When to bring in a dedicated search engine

Elasticsearch / OpenSearch: Best-in-class for complex relevance tuning, large-scale aggregations, and autocomplete. Heavy operationally: you’re managing a JVM cluster with significant memory requirements. Appropriate for applications where search is a core product feature.

Typesense: A modern Elasticsearch alternative with built-in typo tolerance, easier operations (single binary, no JVM), and a simpler API. Good choice if you need fuzzy search and faceting without Elasticsearch’s operational overhead.

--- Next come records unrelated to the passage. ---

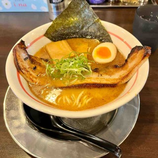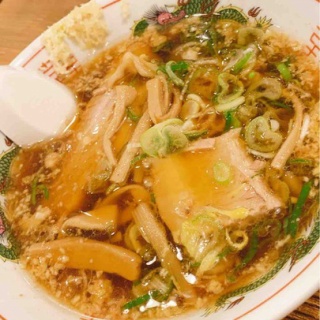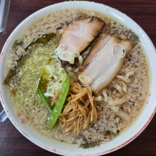YouTubeに上がっていた出身店の食レポ動画を見て気になり、その出身店を調べて訪問。駐車場の空き待ちの車が郊外らしく広い店内、コロナ禍中に広まった、アクリル板で仕切られたテーブル席の一つに案内された。あごだしラーメン中(950円)の食券を購入。浮かぶ背脂と太麺から燕背脂ラーメンを思わせる見た目のラーメンが出てきた。あごだし特有の淡くも力強い旨味が動物系出汁、タレの醤油、そして背脂と相まって最後まで味を牽引していたスープ。強く縮れた麺を啜ると、序盤こそもちもち感があったが、すぐにボソッとした食感となり小麦粉の塊となった。やがて旨味の花が力強く咲き、スープとの共演を楽しむことが出来た。具は、柔らかく、肉自体味とタレのバランスが絶妙だったチャーシュー、サヤエンドウ、細切りメンマ、白ネギ、海苔。各々の主張が強い燕背脂ラーメンに主張はするが、一体感も見せていたラーメン。やっぱり食べなければ分からないと思いながら退店。宮城県仙台市若林区六丁の目東町2-10営業時間6:30~10:00(9:45 L.O)11:00~15:00(14:45 L.O)18:00~22:00(21:45 L.O)定休日火、第2・4月
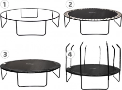Leiter, Sicherheitsnetz, Schnur zur Netzbefestigung, Anker mit Gurten, wasserabweisende Abdeckung, Federabdeckung (Pad), Werkzeug für Federn, Anleitung
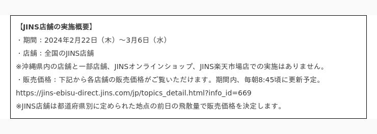 株式会社ジンズ(東京本社:東京都千代田区、代表取締役社長:田中亮、以下JINS)は、花粉・飛沫・乾燥対策メガネ「JINS PROTECT(ジンズ プロテクト)」の価格が、前日の花粉飛散量に応じて毎日変動するキャンペーン(https://www.jins.com/jp/protect/)を2024年2月22日(木)より3月6日(水)まで46都道府県のJINS店舗(沖縄県と一部店舗除く)で実施します。また本キャンペーンは移動式メガネ販売車「JINS GO」でも一部日程で実施します。
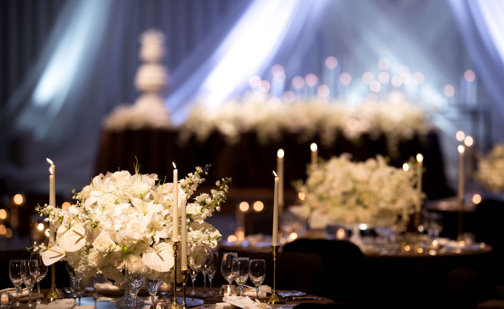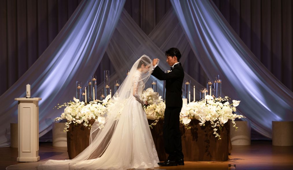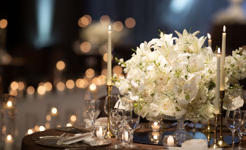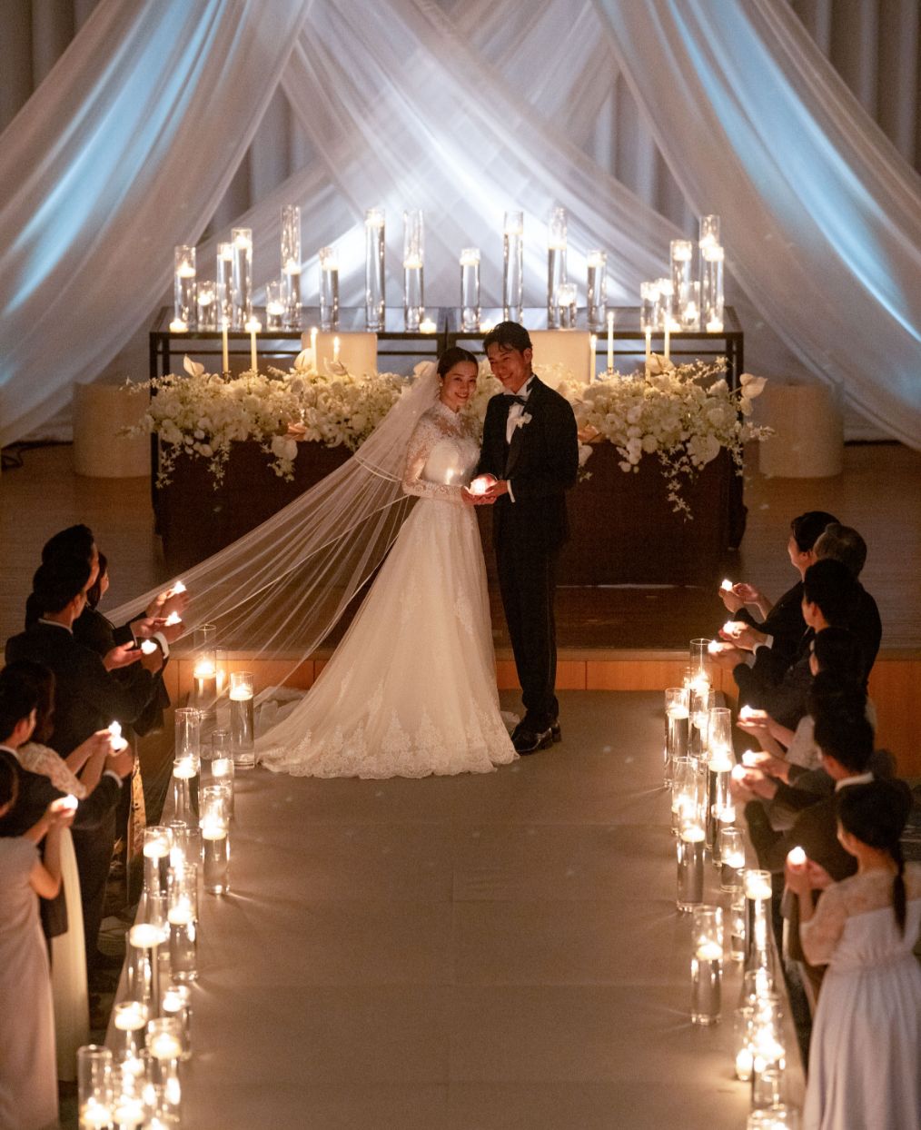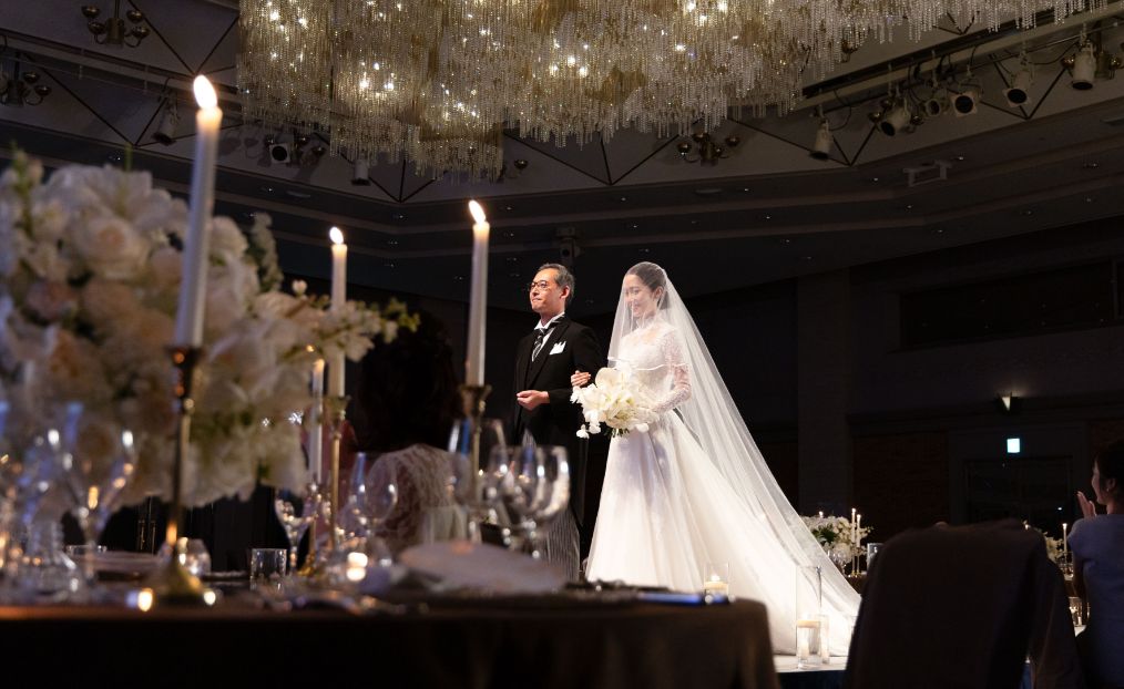 煌めくエメラルドカットのシャンデリアに包まれた大空間。

// Typesense: typo-tolerant search with facets
const results = await client.collections('articles').documents().search({
  q: 'databse performanc',   // typos handled automatically
  query_by: 'title,body',
  facet_by: 'category,tags',
  sort_by: '_text_match:desc',
  num_typos: 2,
});

Meilisearch: Similar to Typesense, optimized for developer experience and instant search UIs.

The practical decision

Use PostgreSQL full-text search when:

Your data is already in PostgreSQL and search is a secondary feature
You need simple keyword search without typo tolerance
You want to avoid another infrastructure component
Your dataset is under a few million rows

Move to a dedicated search engine when:

Typo tolerance is required
You need complex faceting and filtering
Search performance is business-critical
You’re doing autocomplete over large datasets

Many applications use both: PostgreSQL for the primary data store and application queries, with a search engine synced via a CDC (Change Data Capture) pipeline or background job for search-specific queries.